Whether 'tis nobler in the mind to suffer

The slings and arrows of outrageous fortune,

Or to take arms against a sea of troubles,

And by opposing end them.

It is necessary to meet this knowledge frankly, and to show him how it is that Shakespeare can be so great in spite of faults like this. It is the inclination of childhood to feel that a man must be perfect to be great, but even at the cost of encountering the difficulty of such a faith the truth must be told. In general, however, it is as well not to go out of the way to enforce the doctrine of human fallibility, and the youthful mind is best nourished by being fed on what is good, rather than by being taught to perceive what is bad.
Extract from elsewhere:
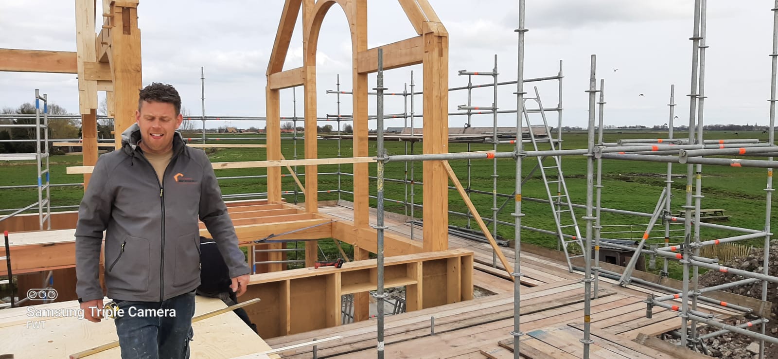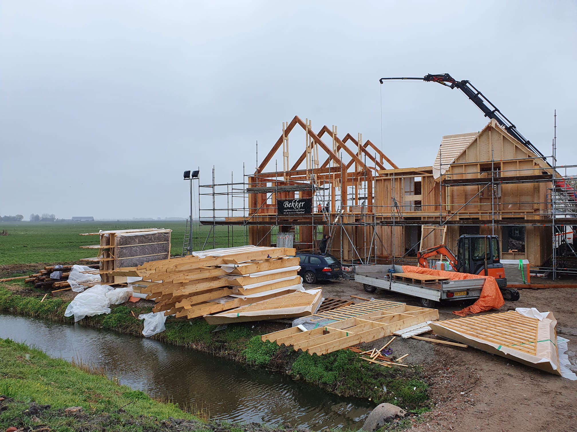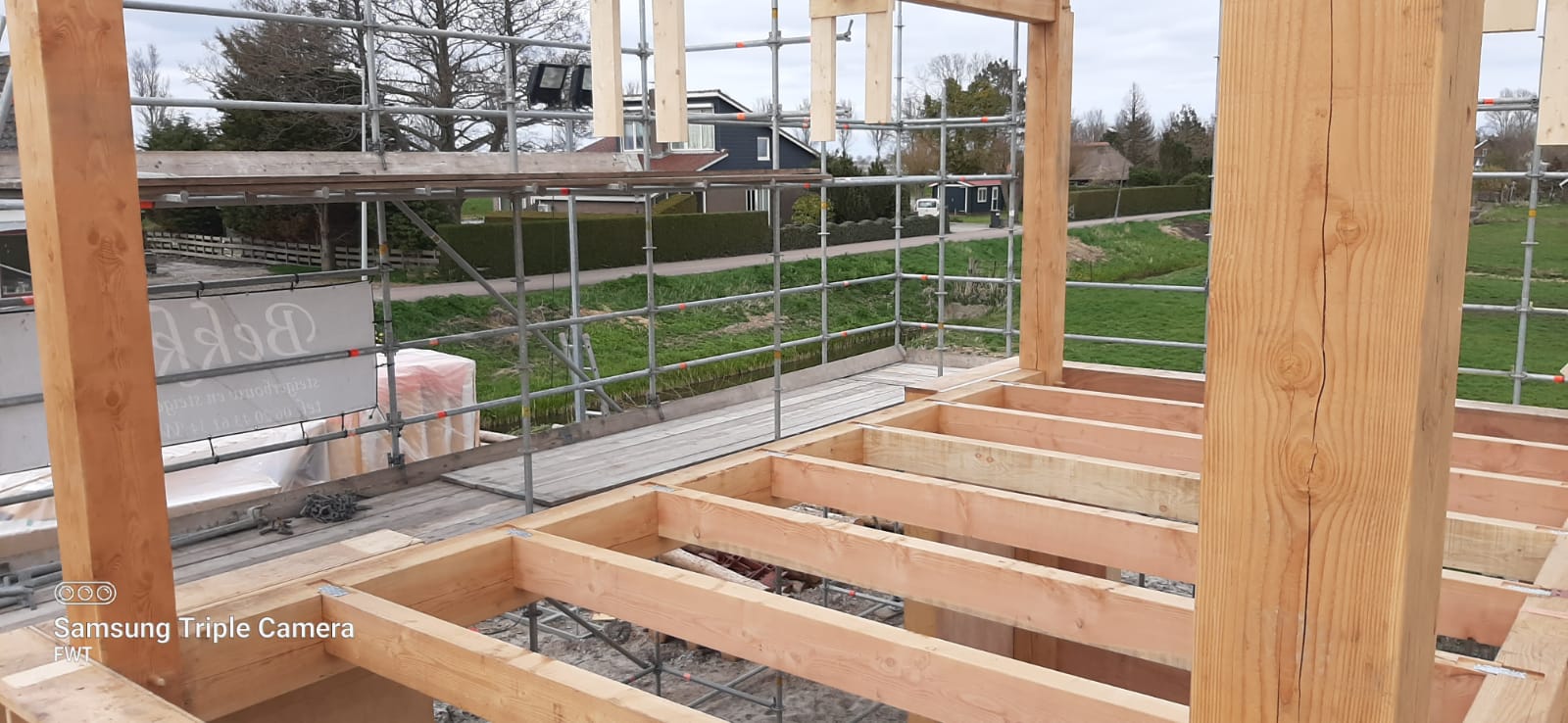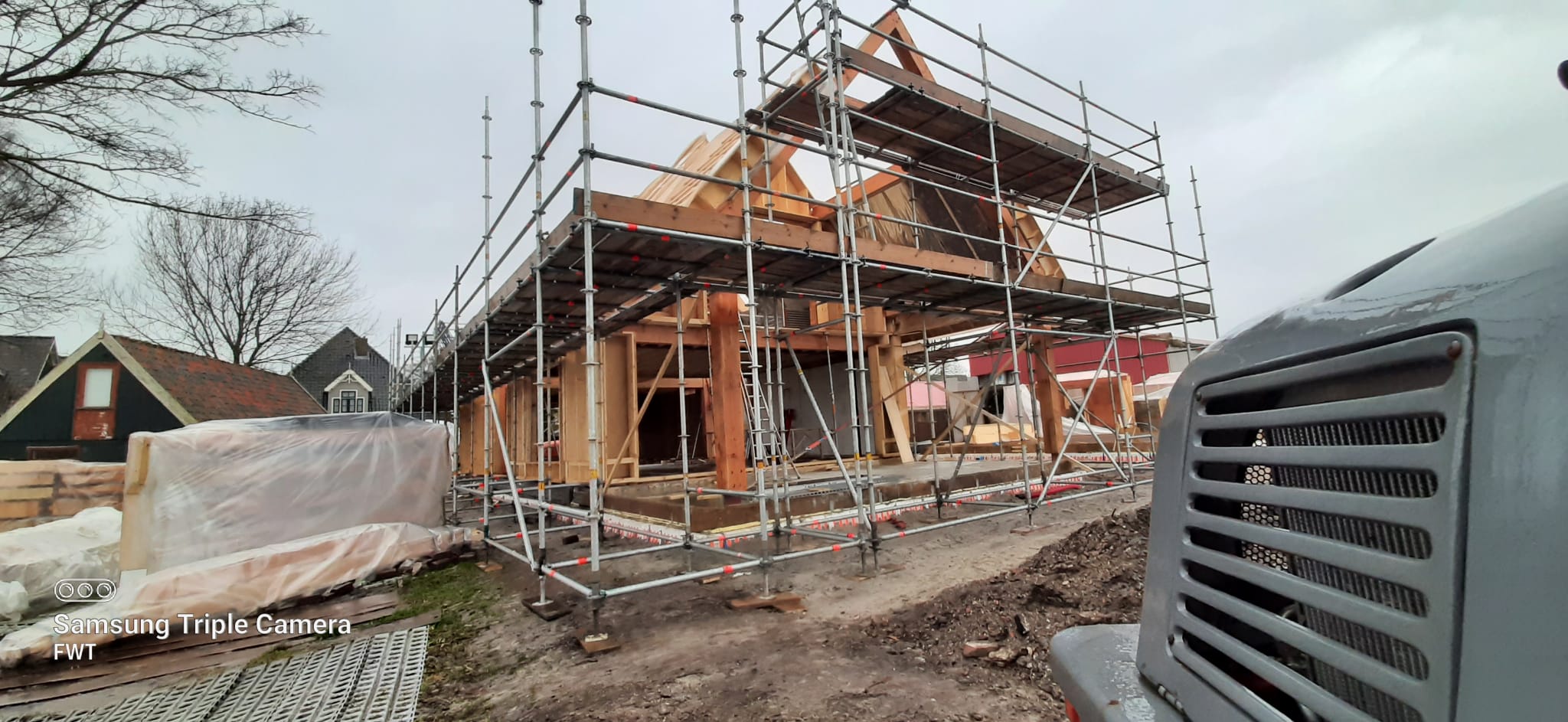 The first barn is almost finished. This construction is the part where we've started with, the first beams we sawed, chiseled and drilled holes info for the project.

When a pupil is asked to put into words the reason why a piece is written, he should be required to answer by a complete sentence, a properly phrased assertion. He is not unlikely to begin by giving a single term, an incomplete and tentative phrase, or at best a fragmentary statement. For the sake of the clearness of his own idea and of the habit of accurate thinking, he should be encouraged and expected to make the idea clear and the statement finished. Student-criticism, as I have said perhaps often enough already, cannot in the nature of things be either profound or exhaustive, but it should be intelligent and well defined as far as it goes.


XV
LITERARY WORKMANSHIP

The appreciation of literary workmanship dawns very slowly on the child's mind. In the secondary schools not much can be accomplished in the way of making students feel the niceties of literary art; but something should be done to enforce the nature and the worth of technique. Much that touches the undergraduate's feelings he cannot analyze, and should never in any work of the secondary schools be asked to criticise. He should, however, if he is to be systematically trained in the study of masterpieces, have knowledge enough of the qualities which distinguish them from lesser work to perceive on what their claims to superiority are founded. Children so naturally and so generally feel that distinctions which do not appeal to them are arbitrary, and it is of so much importance to guard against any feeling of this sort in the case of literature, that it is worth while to be at some pains to make distinctions perceptible, even if they may not always be made entirely clear.